• [Stored data]
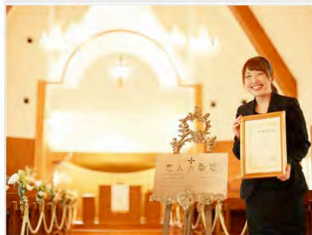
花巻温泉が「恋人の聖地サテライト」に選定されました！
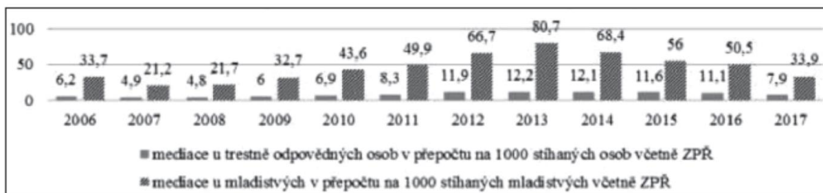
Obr. 3 Počet mediací v přepočtu na stíhané dospělé osoby (1. graf) a počty mediací v přepočtu na stíhané mladistvé osoby (2. graf) mezi lety 2006 – 2017. 197
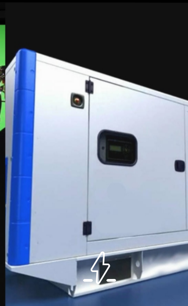
Geradores em Paralelo
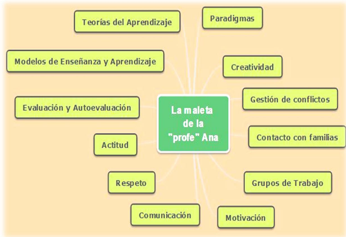
Figura 4: La maleta de la profesora Ana. (Fuente: Elaboración propia).
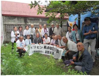
フィリピン・マニラにて
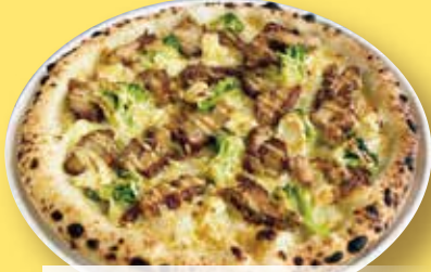
てりやきチキン ピッツア ¥1,780
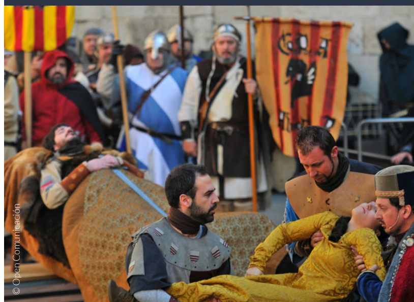
▲ FESTA DELLE NOZZE DI ISABEL DE SEGURA TERUEL

📍 Dove: Alcoy (Alicante, Comunità Valenciana) e Santillana del Mar (Cantabria) Quando: 5 gennaio www.alcoyturismo.com www.turismodecantabria.com
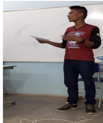
Figura 13: Equipe Kulina

A equipe Kanamary, ver figura 14, Mayuruna, ver figura 15, e, a equipe Marubo, ver figura 16, fizeram uma breve explicação do que fazem na aldeia e apresentaram um ritual de dança para trazer prosperidade a etnias.
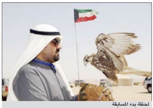
لحظة بدء المسابقة

من جانبه أكد رئيس اللجان المنظمة لمهرجان الموروث الشعبي الشيخ صباح فهد الناصر أن المسابقات تسير حسب الجداول الزمنية الموضوعة لها، قائلاً: لقد انتهينا من مسابقات الإبل المخصصة لفئة الأحمر 30 و50 والفردى، موضحاً أن تنظيم المهرجان بشكل جيد ساعد على عدم وجود أي اعتراضات من قبل
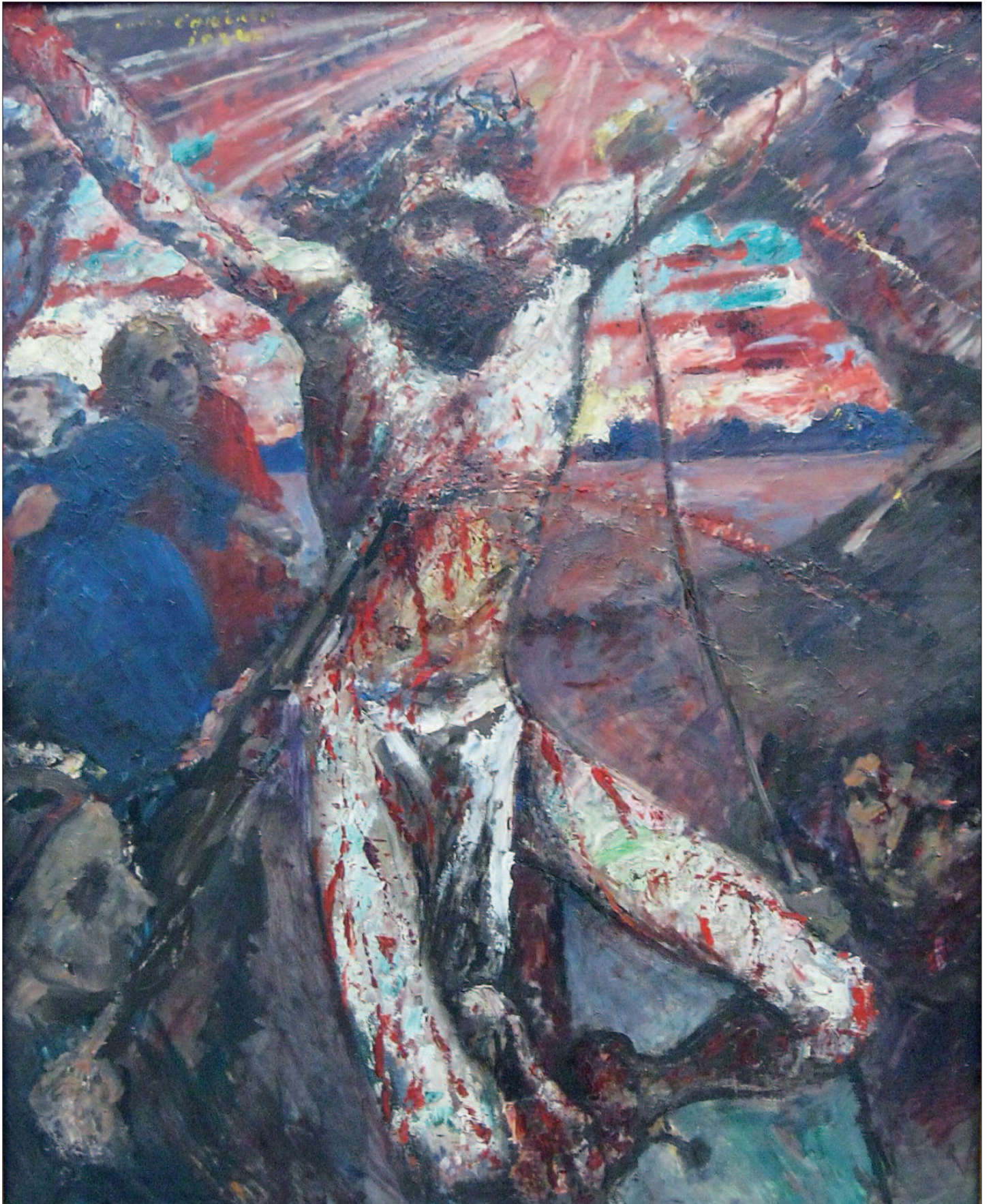
Lovis Corinth (1858–1925): Der rote Christus, 1922
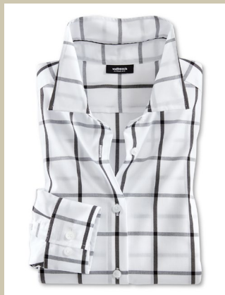
Extraglatt Bluse Black & White Gr.: 36-52 Nr. 55-2239 € 59,90
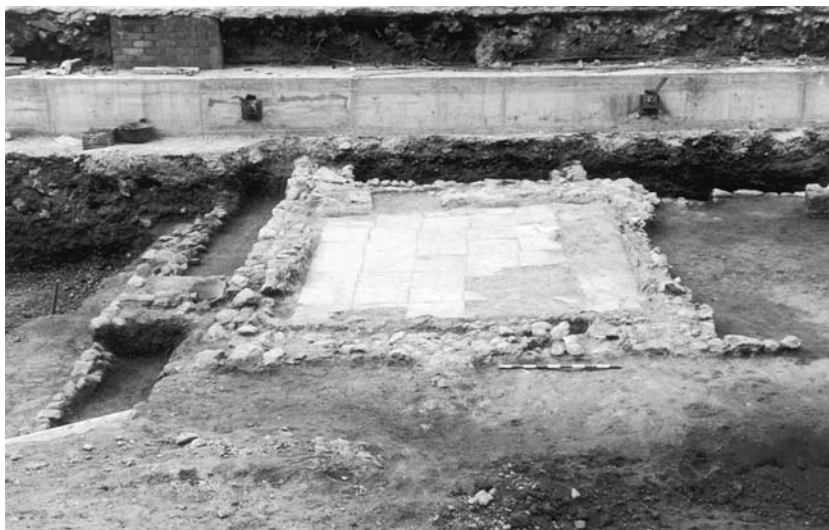
Figura 2. Bassa de decantació d'argiles del sector industrial julioclaudi.
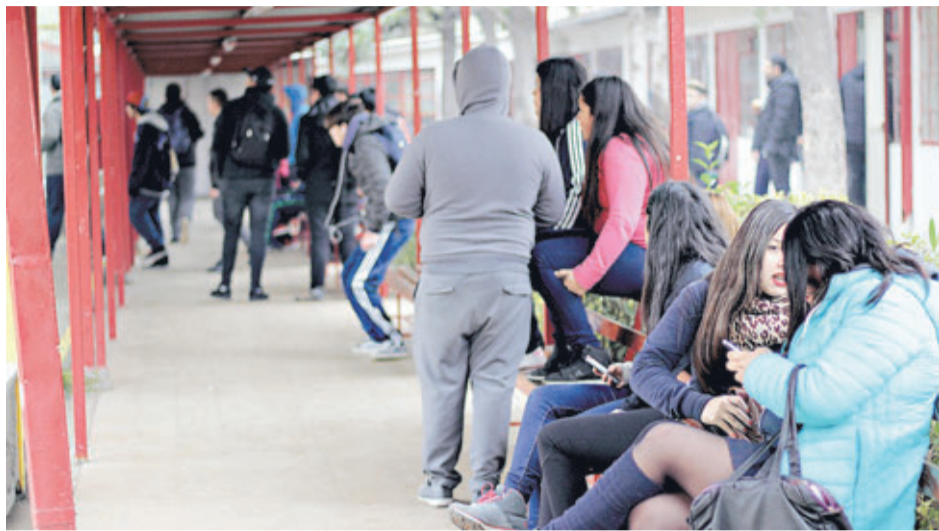
ESCUELA REINSECIÓN FUNDACIÓN SUMATE
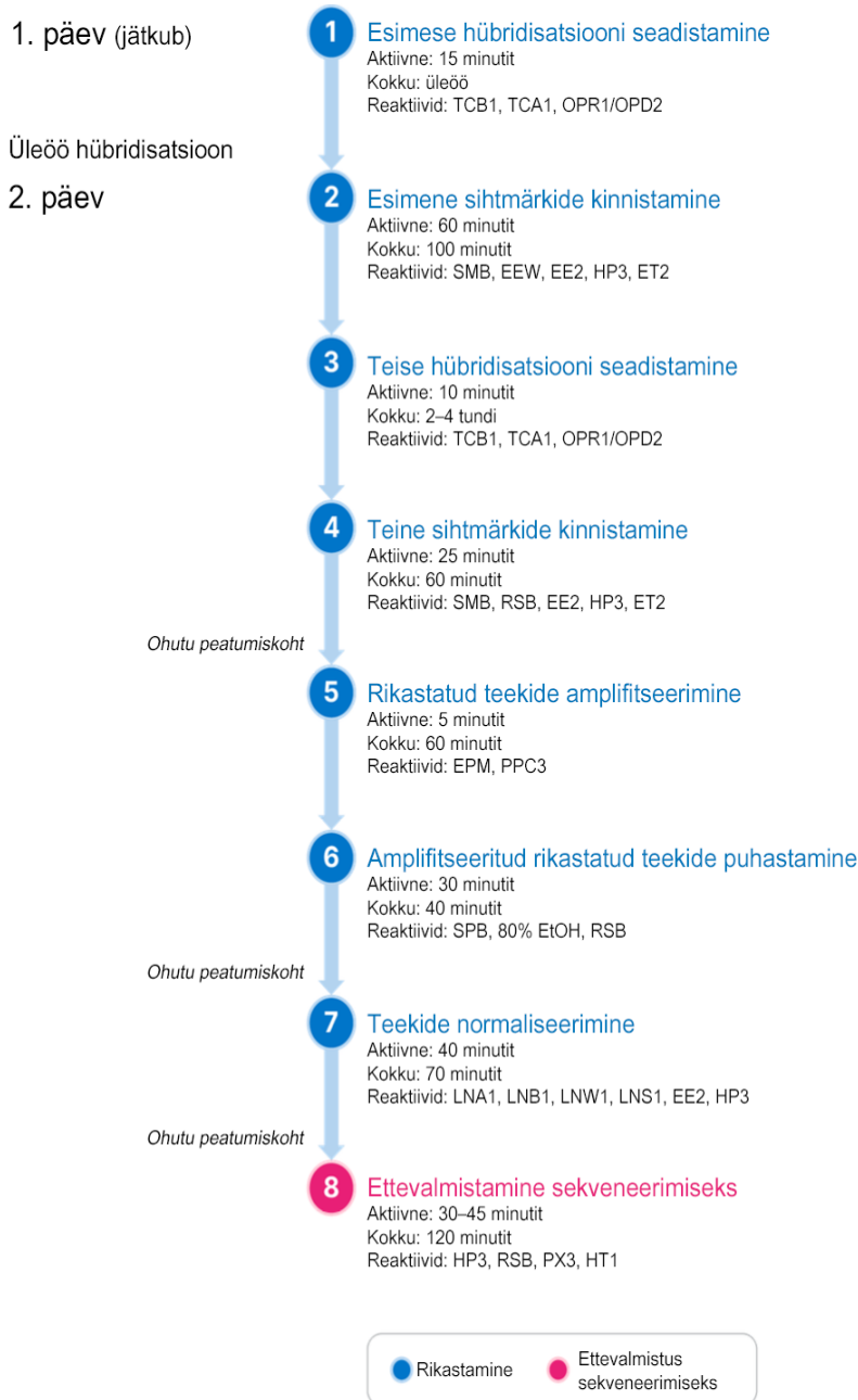
joonis 2 TSO Comprehensive (EU) Töövoog (2. osa)

joonis 2 on kujutatud TSO Comprehensive (EU) rikastamise töövoog. Etappide vahele on märgitud ohutud peatumiskohad.
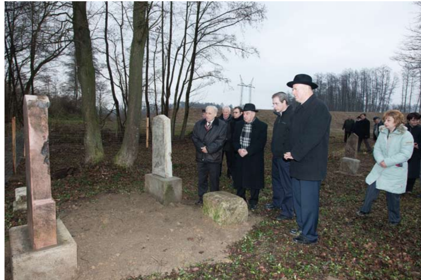
A zsidók falubeli megjelenéséről az első ismert írásos adatunk 1770-ből származik; ez egy zsidó mészárosról tesz említést.
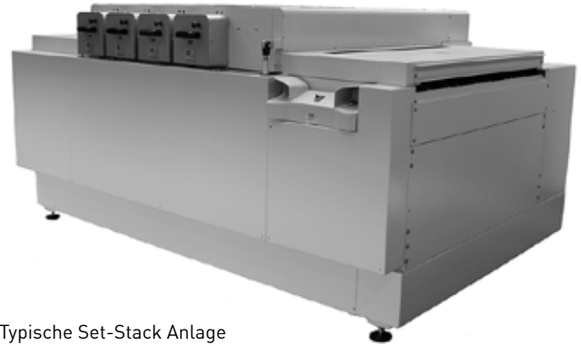
Typische Set-Stack Anlage
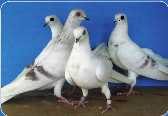
Gruppe Prager Hochflieger aus Prag; Foto: Traxler
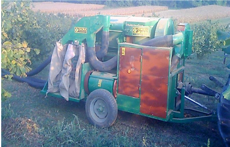
Slika 16. Kombajn
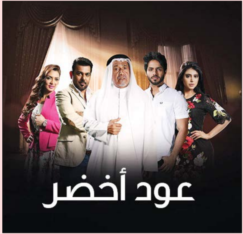
بوستر مسلسل «عود أخضر»

الى مركز الشرطة حفاظاً على حقوقهم المادية بعد الجهد الذي بذلوه في تصوير هذا المسلسل التي كتبتة د. حصّة الملا.
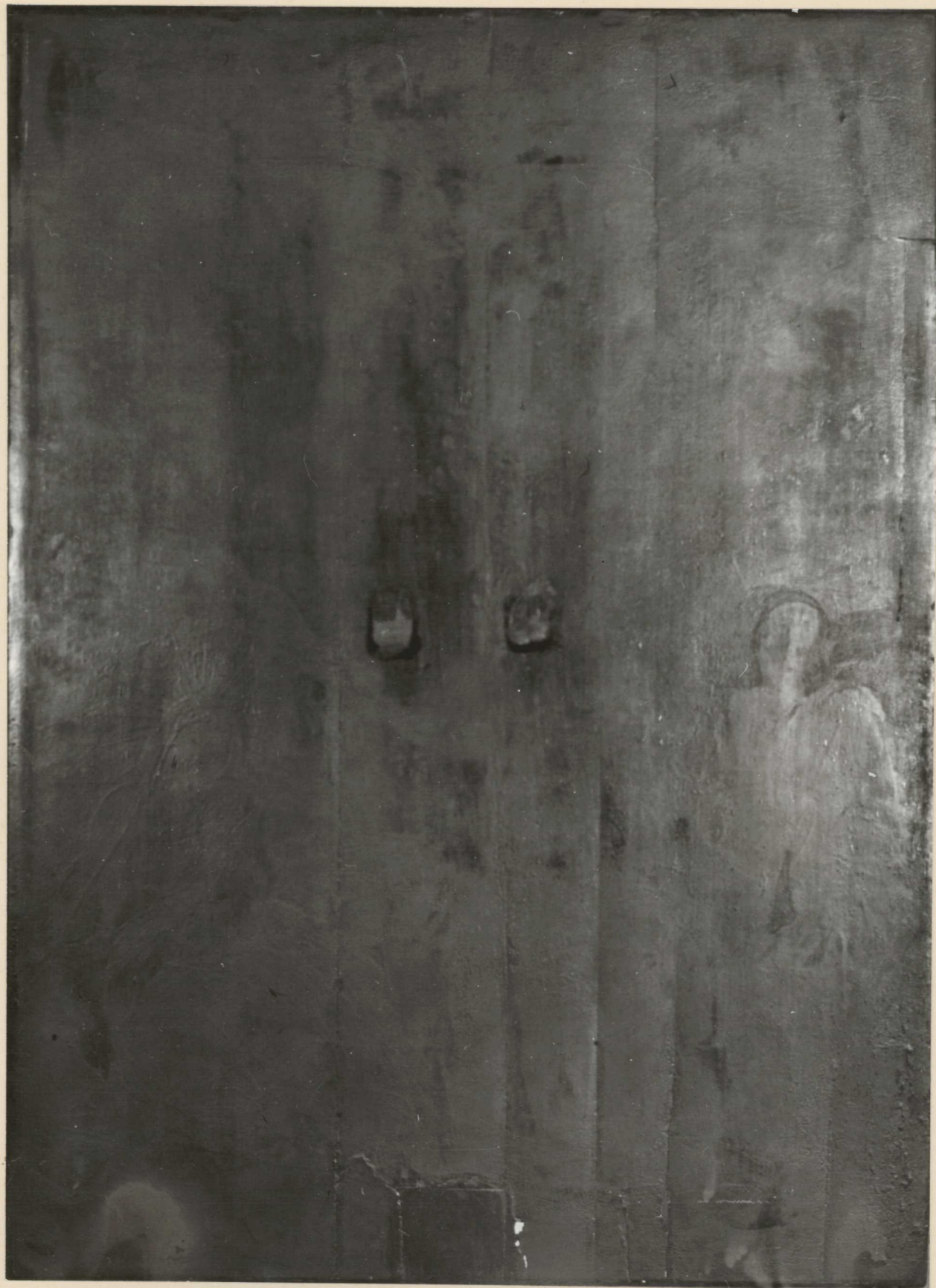
4. Restaurálás előtti állapot. Ultraibolya felvétel. Megfigyelhető a tábla vetemedése és repedése.
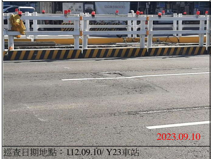
巡查日期地點：112.09.10/ Y23車站 照片說明：路面龜裂狀況
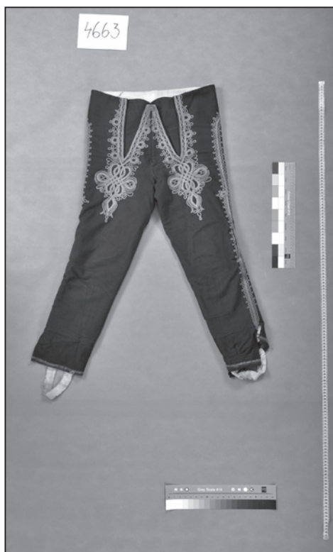
Kalhoty-nohavice, Kátov (inv. č. 4663).
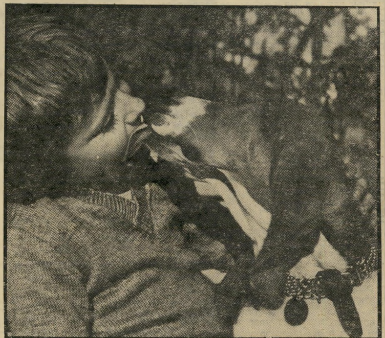
האקי מדקק חבר לא מפה 97

שוחה, הגש לו מים בכמויות קטנות, ישר לתוך פיו. (4) תן לו אוכל קל, בכמויות קטנות. חשוב עליך כשאתה עצמך משופע. וטיפ קטן לאמהות מודאגות ממישנתו של הד"ר לואיס ל. ויין: הכלב מאמץ לו את כל התופעות המוררות של בני הבית. הם חולים — הוא יתחלה כמותם. אבל האמת הרפואית מגלה, כי הכלב מסוגל לקבל יותר מחלות מן האדם. מאשר האדם מן הכלב. כדאי לזכור זאת כשמשחקים במי-נדבקים.
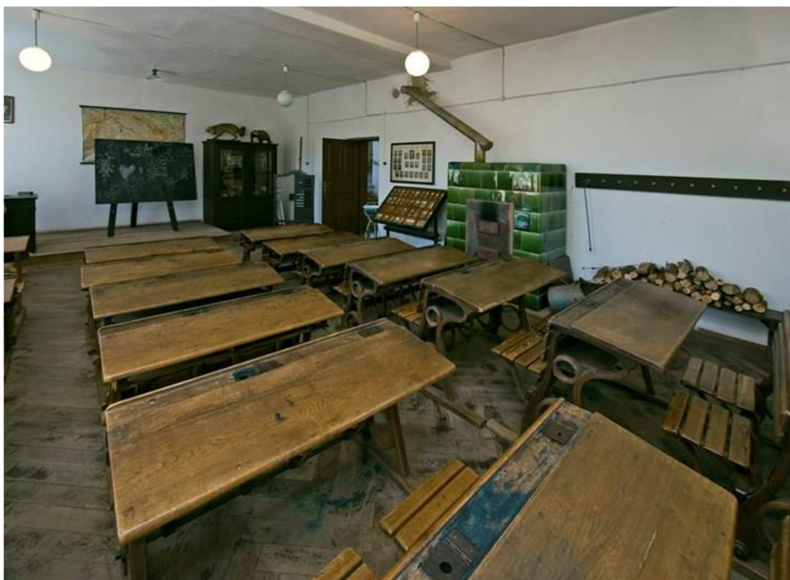
Obrázek 4: Dobová škola ve skanzenu Zubrnice
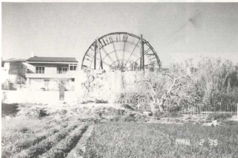
Noria de la Cierva
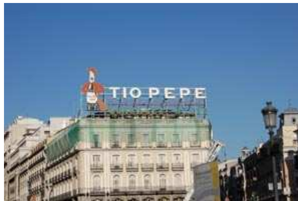
Imagen 1. Imagen de creación propia.
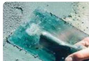
Trám vá bề mặt bê tông bằng vữa sửa chữa Neorep
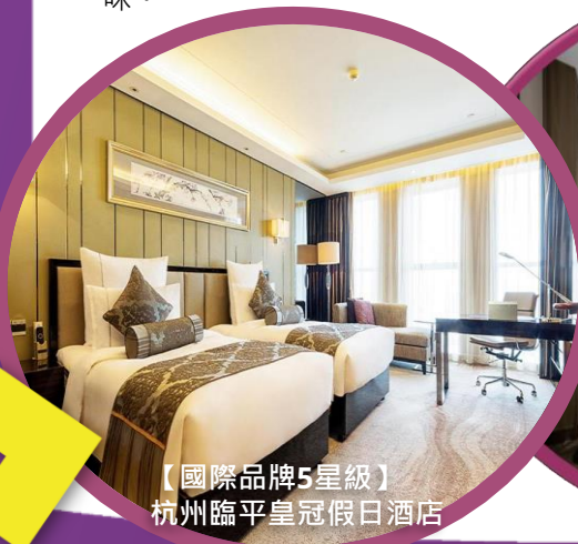
【國際品牌5星級】 杭州臨平皇冠假日酒店

拈花灣靠山面湖·生態秀美·建築以唐風宋韻為主·同時參照了江南水鄉的特色建造·配合集天地靈氣的地理環境。
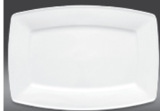
Rectangular dish Ø 280 mm (nr 2760) Ø 320 mm (nr 2758) Ø 380 mm (nr 2762)
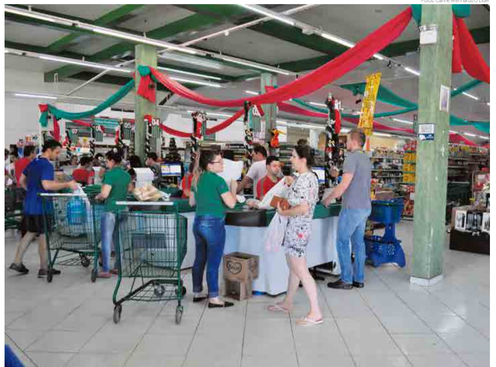
Movimento no comércio local se intensificou nesta semana
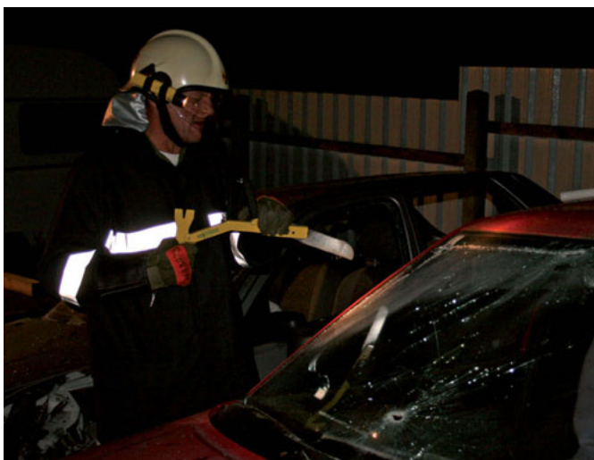
Das richtige Entfernen der Windschutzscheibe
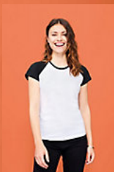
SOL'S MILKY 11195

• [EXERCISE PROMPT] Say again, exactly, only those lines of the records that run from the start through the line with "האקי מדקק חבר לא מפה 97". Pictures are to be skipped.

• [EXPECTED ANSWER]
花巻温泉が「恋人の聖地サテライト」に選定されました！
Obr. 3 Počet mediací v přepočtu na stíhané dospělé osoby (1. graf) a počty mediací v přepočtu na stíhané mladistvé osoby (2. graf) mezi lety 2006 – 2017. 197
Geradores em Paralelo
Figura 4: La maleta de la profesora Ana. (Fuente: Elaboración propia).
フィリピン・マニラにて
てりやきチキン ピッツア ¥1,780
▲ FESTA DELLE NOZZE DI ISABEL DE SEGURA TERUEL

📍 Dove: Alcoy (Alicante, Comunità Valenciana) e Santillana del Mar (Cantabria) Quando: 5 gennaio www.alcoyturismo.com www.turismodecantabria.com
Figura 13: Equipe Kulina

A equipe Kanamary, ver figura 14, Mayuruna, ver figura 15, e, a equipe Marubo, ver figura 16, fizeram uma breve explicação do que fazem na aldeia e apresentaram um ritual de dança para trazer prosperidade a etnias.
لحظة بدء المسابقة

من جانبه أكد رئيس اللجان المنظمة لمهرجان الموروث الشعبي الشيخ صباح فهد الناصر أن المسابقات تسير حسب الجداول الزمنية الموضوعة لها، قائلاً: لقد انتهينا من مسابقات الإبل المخصصة لفئة الأحمر 30 و50 والفردى، موضحاً أن تنظيم المهرجان بشكل جيد ساعد على عدم وجود أي اعتراضات من قبل
Lovis Corinth (1858–1925): Der rote Christus, 1922
Extraglatt Bluse Black & White Gr.: 36-52 Nr. 55-2239 € 59,90
Figura 2. Bassa de decantació d'argiles del sector industrial julioclaudi.
ESCUELA REINSECIÓN FUNDACIÓN SUMATE
joonis 2 TSO Comprehensive (EU) Töövoog (2. osa)

joonis 2 on kujutatud TSO Comprehensive (EU) rikastamise töövoog. Etappide vahele on märgitud ohutud peatumiskohad.
A zsidók falubeli megjelenéséről az első ismert írásos adatunk 1770-ből származik; ez egy zsidó mészárosról tesz említést.
Typische Set-Stack Anlage
Gruppe Prager Hochflieger aus Prag; Foto: Traxler
Slika 16. Kombajn
بوستر مسلسل «عود أخضر»

الى مركز الشرطة حفاظاً على حقوقهم المادية بعد الجهد الذي بذلوه في تصوير هذا المسلسل التي كتبتة د. حصّة الملا.
4. Restaurálás előtti állapot. Ultraibolya felvétel. Megfigyelhető a tábla vetemedése és repedése.
巡查日期地點：112.09.10/ Y23車站 照片說明：路面龜裂狀況
Kalhoty-nohavice, Kátov (inv. č. 4663).
האקי מדקק חבר לא מפה 97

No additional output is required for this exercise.